The United States, in these ten years, has been impressively successful in dismantling and destroying the network of an outfit that could wreak havoc all over the globe through their highly motivated and organized cadres.

The United States with her NATO partners started Afghan war on October 7, 2001, codenamed “Operation enduring freedom” with the stated objective of dismantling the Al-Qaeda terrorist organization in Afghanistan as well as removal of the Taliban regime to be replaced by democratic set up.

While makeshift democratic government has been in place ever since, the Taliban presence has not been totally liquidated. Rather Taliban have gained more strength during the last ten years.

The cost for such an undertaking has been enormous. The casualties both dead and wounded run into thousands. The financial cost has been staggering and stands somewhere near two trillion dollars. The psychological burden on American people has been exacting.
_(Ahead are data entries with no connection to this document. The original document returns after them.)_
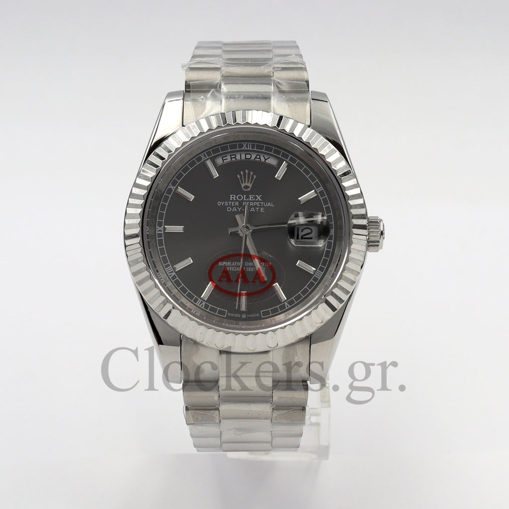 Το διαχρονικό μοντέλο Replica Day-Date Black Dial Sticks Markers SS 40mm  έχει αντιγραφεί με τις τελευταίες και πιο σύγχρονες τεχνικές δημιουργίας πιστών αντιγράφων Replica AAA, έτσι ώστε ακόμη και αν ανοιχτεί από οποιοδήποτε κοσμηματοπωλείο, ο μηχανισμός (διαθέτει Perpetual Type ETA 3135) να είναι όμοιος όπως τα γνήσια Replica . Κάθε μέρος του ρολογιού μέσα και έξω έχει αναπαραχθεί με τα ακριβή γραμμάρια που έχουν μεμονομένα και συνολικά τα εξαρτήματα του γνήσιου Replica .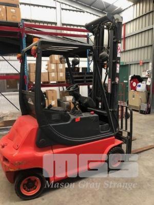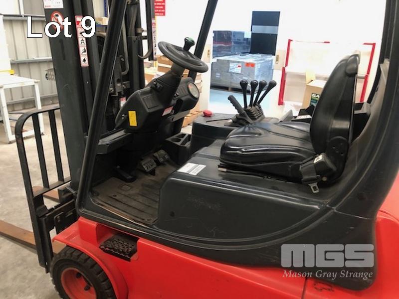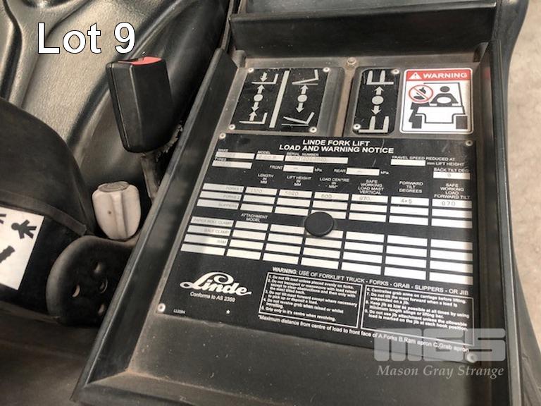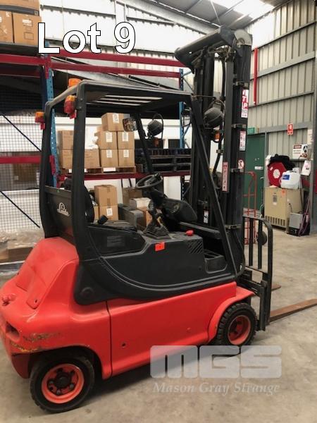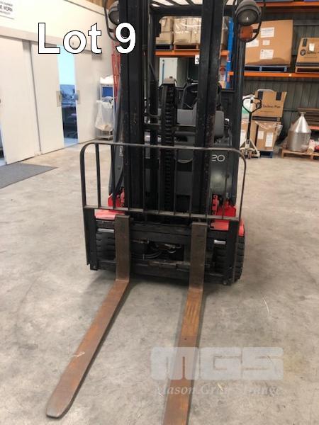 ELECTRIC FORKLIFT, LINDE MOD: E20P SERIAL: 335J12023620 1100mm FORKS, SOLID TYRES, SIDE SHIFT MAX LIFT HEIGHT: 5920mm 990 hrs SHOWING MAX LOAD @ 600mm CENTRES 970kg NEAR NEW BATTERY & CHARGER LIGHTS & REVERSE BUZZER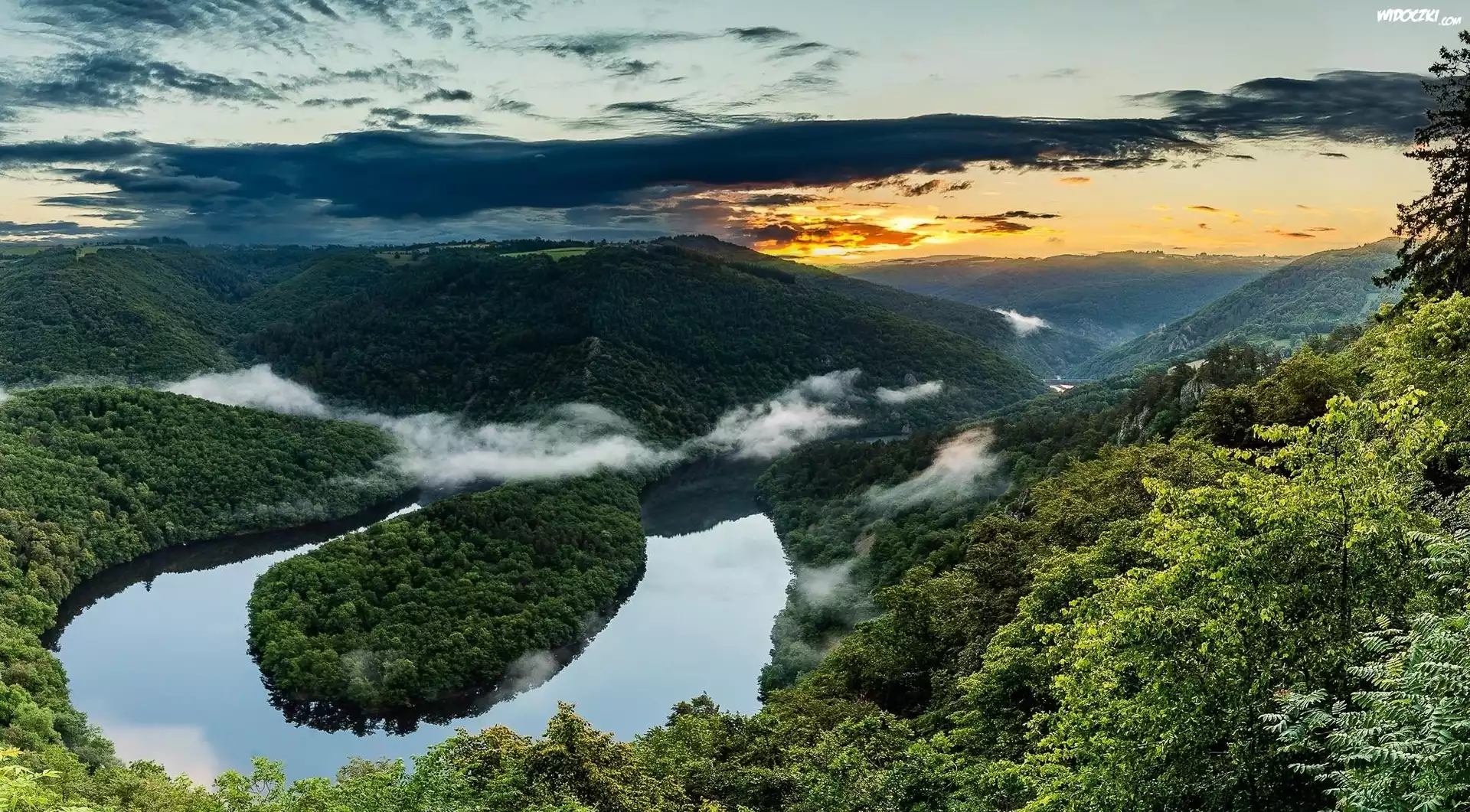 Zdjęcia, Francja, Rzeka Sioule, Meander, Lasy, Mgła

The overseas spending on war efforts have its telling impact on the indigenous quality of life, undermining development plans and projects that had to be slashed and put off for want of funds. The richest country of the world at the end of day stands more mired in debt to the alarming level that is equal to its GDP.

The United States strategy now is to negotiate and reconcile with Taliban and make them fight against those factions of Taliban that would remain hostile to United State.

Nevertheless, United States has been markedly successful in dismantling the al-Qaida network not only in Afghanistan but elsewhere albeit at a huge cost both financially and in human loss. The death of Osama Ben laden also warrants sending forces back home.

On June 22, President Obama announced that 10,000 troops would be withdrawn by the end of 2011 and an additional 23,000 troops will leave the country by the summer of 2012. The United Military strength stationed in Afghanistan is 103700 comprising all cadres.

This projected withdrawal primarily would be confined to the troops that were sent Afghanistan as surge troops numbering 30000. The actual drawdown would merely be 3 000 soldiers.

While withdrawing, concurrently US would maintain its military presence in a different way. It is busy in building several big and small military airports where bulk of the US armed forces would maintain permanent presence. The bases being built in Herat, Helmund, Mazar Sharif, Bagram, Sheen, and Dund are scheduled to be completed in ten years’ time.

It means that out of 100,000 plus troops and personnel, some 70,000 would still remain behind in Afghanistan. Huge cargo airplanes would unload merchandise and weapons and soldiers directly without land routes such as through Pakistan.

United States would not completely vacate Afghanistan militarily for the following objectives. It wants to outbid China in exploiting the trillion dollars precious mineral deposits discovered by American geologists in 2010. Afghanistan has oil and gas deposits also. Secondly, it could keep close watch over the region including both China and Russia.

The possibility of deployment of missiles that America wanted to install in Poland could now be installed in Afghanistan. From Afghanistan America would be in a much stronger and ensured position to watch also Iran and beyond the Arab countries.

Let us keep in mind that the United States’ war against Al-Qaida has not yet ended.
It would continue and no one can guess how long It could also annihilate the al-Qaida and adversarial Taliban via a prolonged tussle and confrontation. So there are multiple advantages for the US to remain in Afghanistan where it has invested so heavily.

Moreover, United States is visibly lifting its anchor from Afghanistan but the withdrawal of forces is simply piecemeal for the time being. The bulk of the NATO and American forces would stay in Afghanistan for quite some time. As to when the total drawdown would be completed is hard to forebode.

As already stated United States is not leaving Afghanistan lock, stock and barrel. This country is going to prove a prized strategic location to America that would be like a watch tower and a gubernatorial military base enabling her to supervise the region from Nile to Central Asia.

It would be another Saudi Arabia that would facilitate United States for exploring and utilizing Afghanistan’s enormous minerals and oil deposits. It is also going to be a precious meeting point between Europe and Asia.